한편, 움직임 판단 블록(210)은 특징값 추출 블록(208)으로부터 제공되는 다중 특징값과 내부 메모리(도시 생략)에 기 저장되어 있는 기 정의된 입술 움직임 특징벡터(다중 입술 움직임 특징벡터)간의 비교를 통해 입술 움직임의 여부를 판단하고, 입술 움직임으로 판단될 때 입술 상단부의 일부 영상(예컨대, 코, 인중, 눈 등)과 기 정의된 입술 상단 템플릿(다중 입술 상단 템플릿)간의 비교를 통해 화자 입술의 움직임 여부를 최종 판단하며, 그 판단 결과(입술 움직임 검출신호 또는 입술 움직임 미검출신호)를 생성하여 도 1의 음성특징 추출 블록(116)으로 전달하는 등의 기능을 제공할 수 있다.Meanwhile, the motion decision block 210 compares the multiple feature values provided from the feature value extraction block 208 with the predefined lip motion feature vectors (multiple lip motion feature vectors) stored in the internal memory (not shown) (E.g., nose, eye, eye, etc.) of the upper lip of the lip when it is judged to be lip movement, and comparing the lip top template (Lip motion detection signal or lip motion non-detection signal) and transmits the result to the voice feature extraction block 116 of FIG. 1, for example.

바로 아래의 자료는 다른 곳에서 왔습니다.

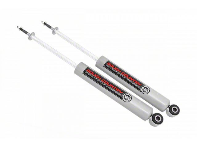 Long-Lasting Quality. Rough Country uses a 54 mm shock body for efficient heat dissipation, especially on rigorous activities. With a chrome-hardened, 18 mm shaft, and zero-leaks multi-seal carrier, these shocks are durably built for long-lasting performance. Additionally, they are furnished with reinforced rubber bushings for impressive vibration damping and sports an appealing metallic silver finish.
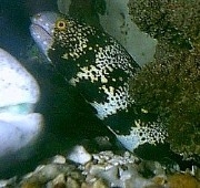 This eel is white to off-white in color with black and yellow spots formed in patterns like snowflakes on the body, thus the name Snowflake Eel |
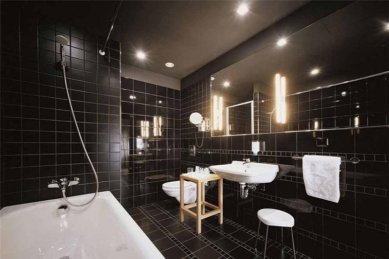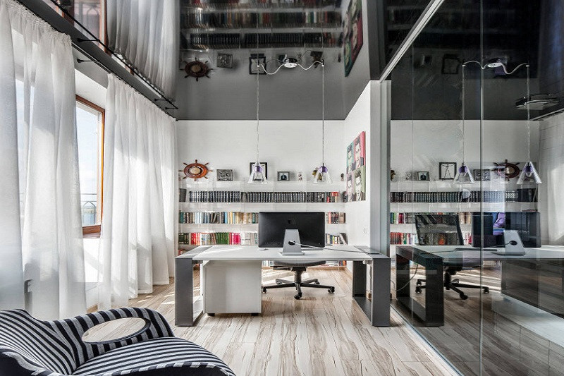 • черный матовый натяжной потолок поглощает свет, смотрится очень необычно, подходит интерьерам в стиле лофт;

즉, 움직임 판단 블록(210)에서는 움직임을 갖는 입술 상단부의 일부 영상과 기 정의된 입술 상단 템플릿을 매칭시켜 최대 정합율을 산출하고, 산출된 최대 정합율이 기 설정된 소정의 임계값 이상일 때 입술 움직임으로 최종 판단하여 그에 상응하는 입술 움직임 검출신호를 발생한다. 여기에서, 입술 상단부의 일부 영상과 기 정의된 입술 상단 템플릿 간의 최대 정합율은 퍼센트(%)로 계산하여 사용자 인터페이스 화면에 표시될 수 있다. 이때, 입술 움직임의 판단을 위해 입술 상단 템플릿을 활용하는 것은 휴대 단말이 사용되는 다양한 사용자 조명환경을 반영하기 위해서이다.That is, in the motion determination block 210, a maximum matching rate is calculated by matching a partial image of the upper lip of the motion having motion with a predetermined upper lip template, and when the calculated maximum matching rate is equal to or greater than a predetermined threshold value, And generates a lip motion detection signal corresponding thereto. Here, the maximum matching rate between the partial image of the lip upper part and the predefined lip upper template can be displayed on the user interface screen as a percentage (%). At this time, utilizing the lip top template for determining the lip movement reflects various user lighting environments in which the mobile terminal is used.

다시 도 1을 참조하면, 음향 획득 블록(114)은 도시 생략된 휴대 단말의 마이크를 통해 입력되는 음향신호(예컨대, 음성신호 등을 포함하는 음향신호)를 획득하여 음성특징 추출 블록(116)으로 전달하는 등의 기능을 제공할 수 있다.1, the sound acquisition block 114 acquires an acoustic signal (for example, an acoustic signal including a voice signal or the like) input through a microphone of a portable terminal (not shown) And the like can be provided.

다음에, 음성특징 추출 블록(116)은, 입술 검출 블록(112)으로부터 입술 움직임 검출신호가 제공될 때, 음향 획득 블록(114)으로부터 전달되는 음성신호로부터 음성구간을 분리하고, 이 기술 분야에 널리 알려진 음성 특징 추출 알고리즘을 이용하여 분리된 음성구간의 음성신호로부터 음성특징들을 추출한 후 음성 인식 및 문장 생성 블록(118)으로 전달하는 등의 기능을 제공할 수 있다.Next, the voice feature extraction block 116 separates the voice section from the voice signal delivered from the sound acquisition block 114 when a lip motion detection signal is provided from the lip detection block 112, It is possible to provide functions such as extracting speech features from a speech signal of a separated speech section using a widely known speech feature extraction algorithm, and then transmitting the extracted speech features to a speech recognition and sentence generation block 118.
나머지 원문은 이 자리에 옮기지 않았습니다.